Vencer saltando obstáculos
Os meus pais foram emigrantes em França e a minha língua materna é o francês. Aliás só aprendi a falar português quando eles pensaram voltar para Portugal, tinha eu cerca de 10 anos.
Quando ingressei na escola primária, claro que tinha muitas lacunas de português e portanto tinha aulas na 2ª classe mas acompanhava a matemática da 4ªa classe. A professora, da velha guarda, ficava na secretária enquanto limava as unhas (deu-nos muitas dicas ao longo dos anos: - meninas, quando forem crescidas, arranjem as unhas porque uma senhora de unhas mal arranjadas fica mal, mas Nunca-Nunca, cortem as cutículas!), e era eu que corrigia os problemas no quadro.
Ora certo dia levaram-nos para o exterior para actividades físicas e um dos exercícios era colocar os pés dentro da saca e saltar do ponto A até ao ponto B. Eu estava de lado a ver e a professora veio falar comigo e perguntou se eu queria e sabia jogar.
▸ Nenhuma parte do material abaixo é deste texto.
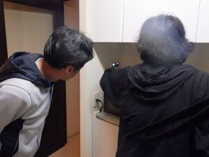 お客様に台所リモコンの使い方の説明中です
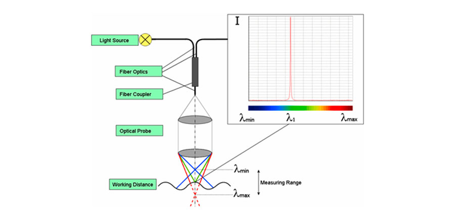 The confocal chromatic measurement principle is based on polychromatic light which is classified into different spectral colors by being focused by a multiple lens optical system at varying distances from the sensor. More than long wave red light (700 nm), short wave blue light (400 nm) is refracted. The start of the measuring range is with blue light, while the end is with red light. Each wavelength is in a different focal plane due to controlled chromatic aberration. Each wavelength is assigned with a specific distance to the target by factory calibration. In the case of a sensor system, this wavelength of light is used for the measurement which is precisely focused on the target. The light which is reflected is reproduced by an optical device on a light sensitive sensor element, on which the corresponding spectral color is detected and evaluated. Some of this light is reflected with each change of refractive index of different materials, making it possible to measure the thickness of transparent materials, even on one side. In multi-peak measurements, a number of distance points are evaluated.
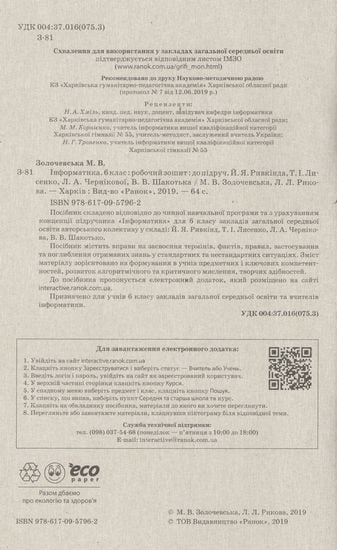 Інформатика 6 клас Робочий зошит до підручника Й. Я. Ривкінда, Т. І. Лисенко, Л. А. Чернікової, В. В. Шакотька. Посібник складено відповідно до чинної навчальної програми та з урахуванням концепції підручника Інформатика для 6 класу закладів загальної середньої освіти авторського колективу у складі: Й. Я. Ривкінд, Т. І. Лисенко, Л. А. Чернікова, В. В. Шакотько.

Respondi no meu parco português:
- Não sei (quando o que eu queria dizer era : "não sei se sei").
E foi assim que continuei de lado, só a ver.
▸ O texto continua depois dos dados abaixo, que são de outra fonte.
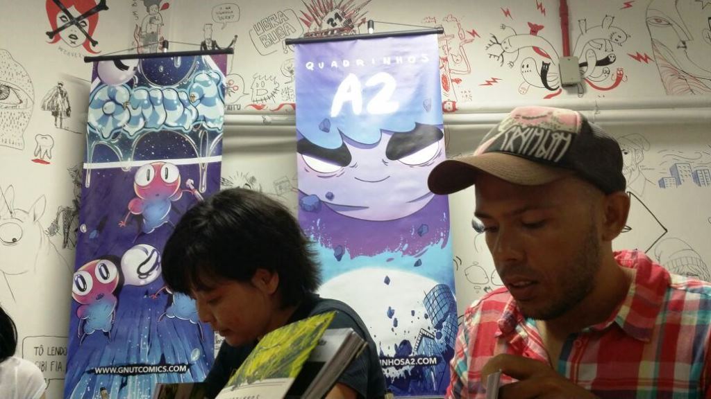 Com a simpatia e a paciência de sempre, os dois autografaram os exemplares do Quadrinhos A2 #4 e também de seus outros trabalhos, como os demais números da série A2 e Gnut, projeto de Crumbim. Várias pessoas conseguiram ler a nova edição durante a fila formada para conseguir os autógrafos. Para quem está acostumado, esperar a sua vez na fila não foi problema. Longe disso.

Nesse momento percebi a frustração e a importância da língua. Comecei a ler compulsivamente, a fazer ditados e a soletrar e apesar de ser mais fluente em francês (há alturas que só me sai a palavra francesa mas não a sua equivalente na nossa língua), não costumo dar erros.
Quando penso em ultrapassar obstáculos e vencer - e no meio onde me movimento, onde as mulheres são cerca de 5% foi uma luta constante - penso nesse primeiro momento e na importância que teve na forma como me definiu.